◆ DATA IN THIS EXERCISE ◆
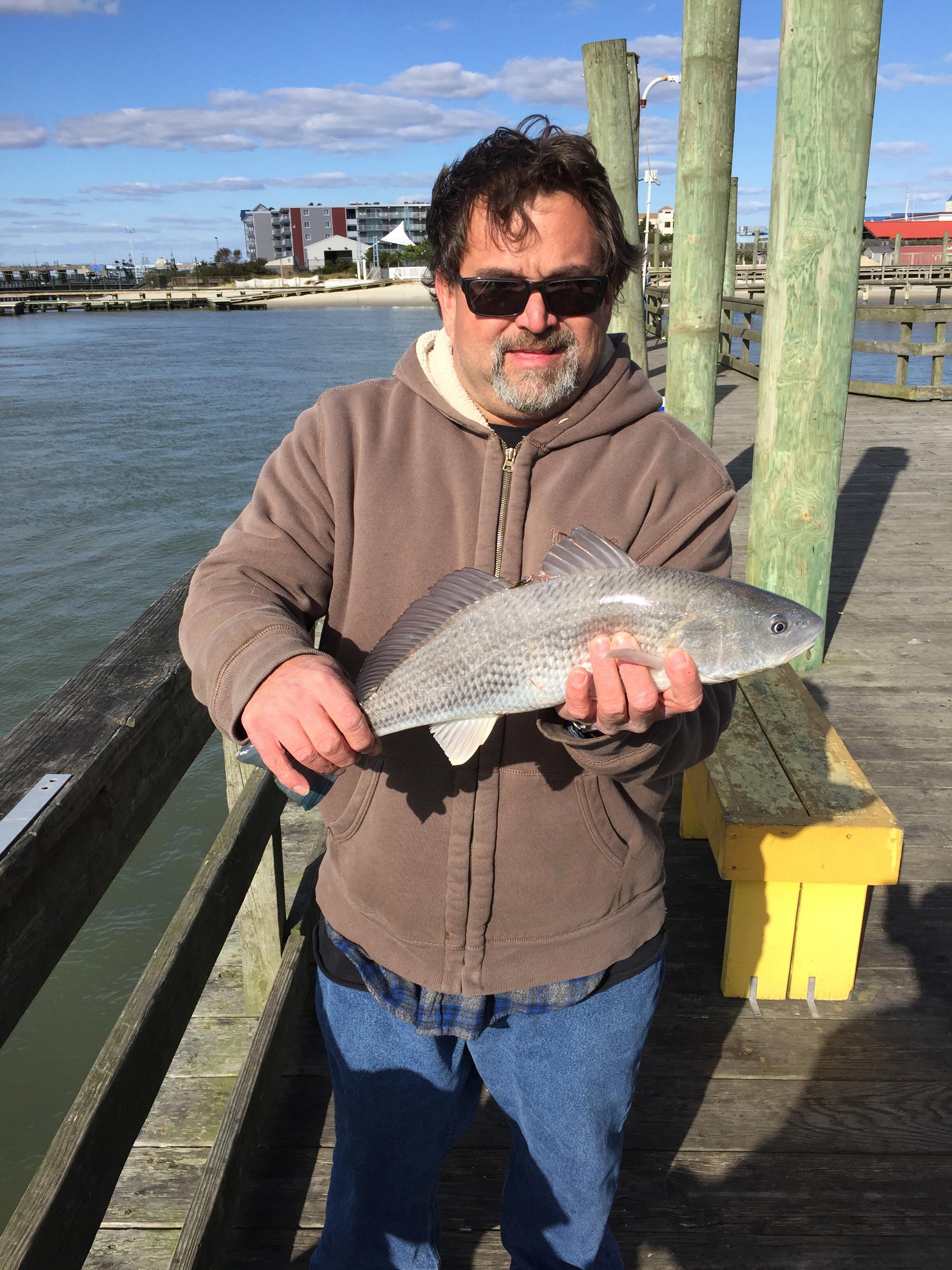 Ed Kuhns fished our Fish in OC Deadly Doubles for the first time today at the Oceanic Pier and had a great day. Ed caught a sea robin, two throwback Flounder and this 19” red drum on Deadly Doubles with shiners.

...

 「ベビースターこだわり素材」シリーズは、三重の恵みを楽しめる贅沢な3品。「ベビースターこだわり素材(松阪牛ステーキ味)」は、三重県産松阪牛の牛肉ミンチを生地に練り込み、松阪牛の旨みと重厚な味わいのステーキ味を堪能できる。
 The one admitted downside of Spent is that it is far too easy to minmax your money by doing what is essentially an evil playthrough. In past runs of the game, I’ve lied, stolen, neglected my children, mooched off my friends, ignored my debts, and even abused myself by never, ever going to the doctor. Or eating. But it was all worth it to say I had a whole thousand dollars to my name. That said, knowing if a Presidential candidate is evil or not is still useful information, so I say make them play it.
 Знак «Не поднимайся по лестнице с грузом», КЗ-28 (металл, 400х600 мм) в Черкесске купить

==

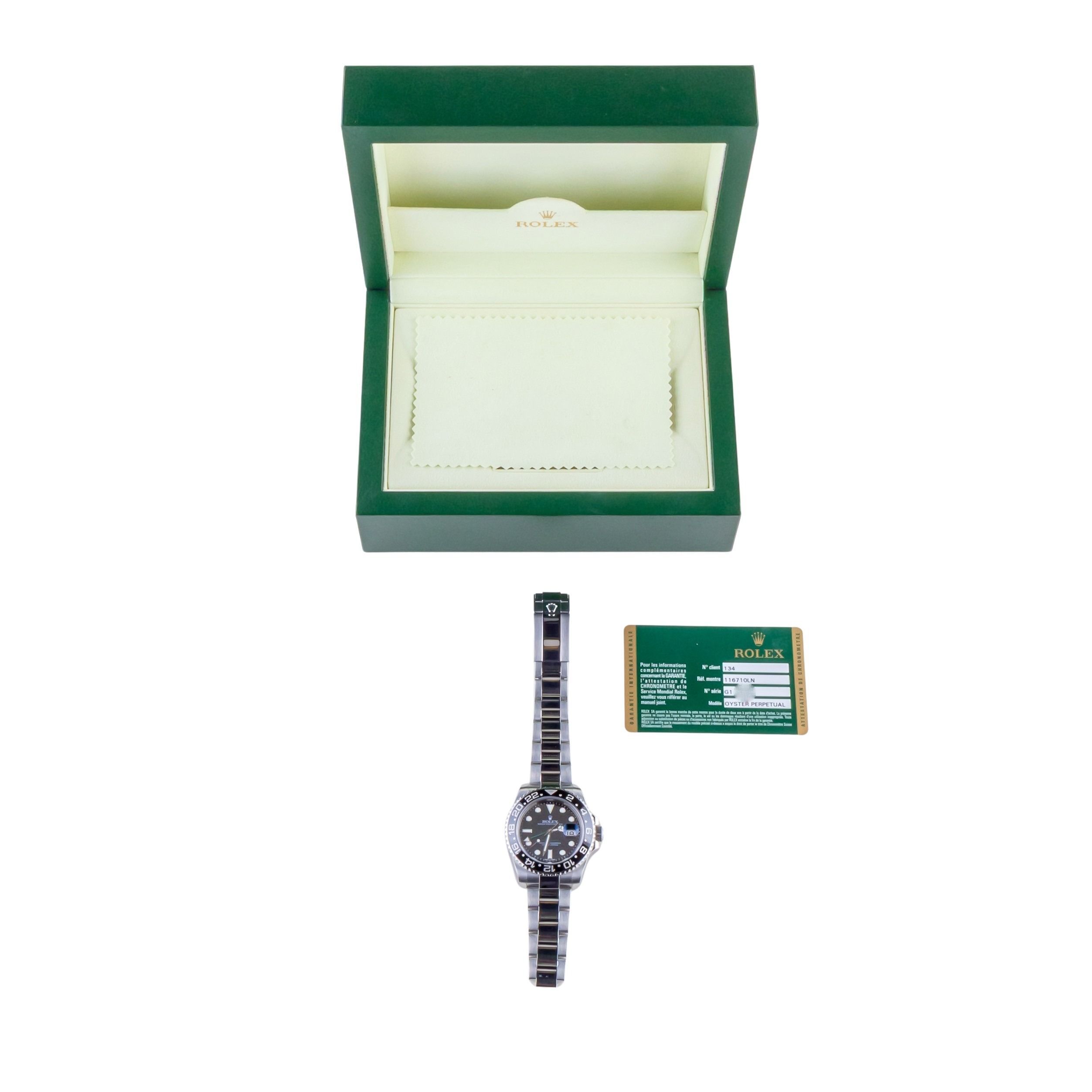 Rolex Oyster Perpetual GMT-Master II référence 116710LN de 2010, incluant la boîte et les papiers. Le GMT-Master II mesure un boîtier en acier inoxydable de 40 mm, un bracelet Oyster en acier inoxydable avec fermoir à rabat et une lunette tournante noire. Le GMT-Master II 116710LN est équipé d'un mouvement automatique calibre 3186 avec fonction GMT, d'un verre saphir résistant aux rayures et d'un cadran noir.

◆ THE PROBLEM ◆
The required answer is the run of lines above, starting at the line with "The one admitted" and ending at the line with "в Черкесске купить", reproduced exactly with both ends.

◆ TASK RESPONSE ◆
 The one admitted downside of Spent is that it is far too easy to minmax your money by doing what is essentially an evil playthrough. In past runs of the game, I’ve lied, stolen, neglected my children, mooched off my friends, ignored my debts, and even abused myself by never, ever going to the doctor. Or eating. But it was all worth it to say I had a whole thousand dollars to my name. That said, knowing if a Presidential candidate is evil or not is still useful information, so I say make them play it.
 Знак «Не поднимайся по лестнице с грузом», КЗ-28 (металл, 400х600 мм) в Черкесске купить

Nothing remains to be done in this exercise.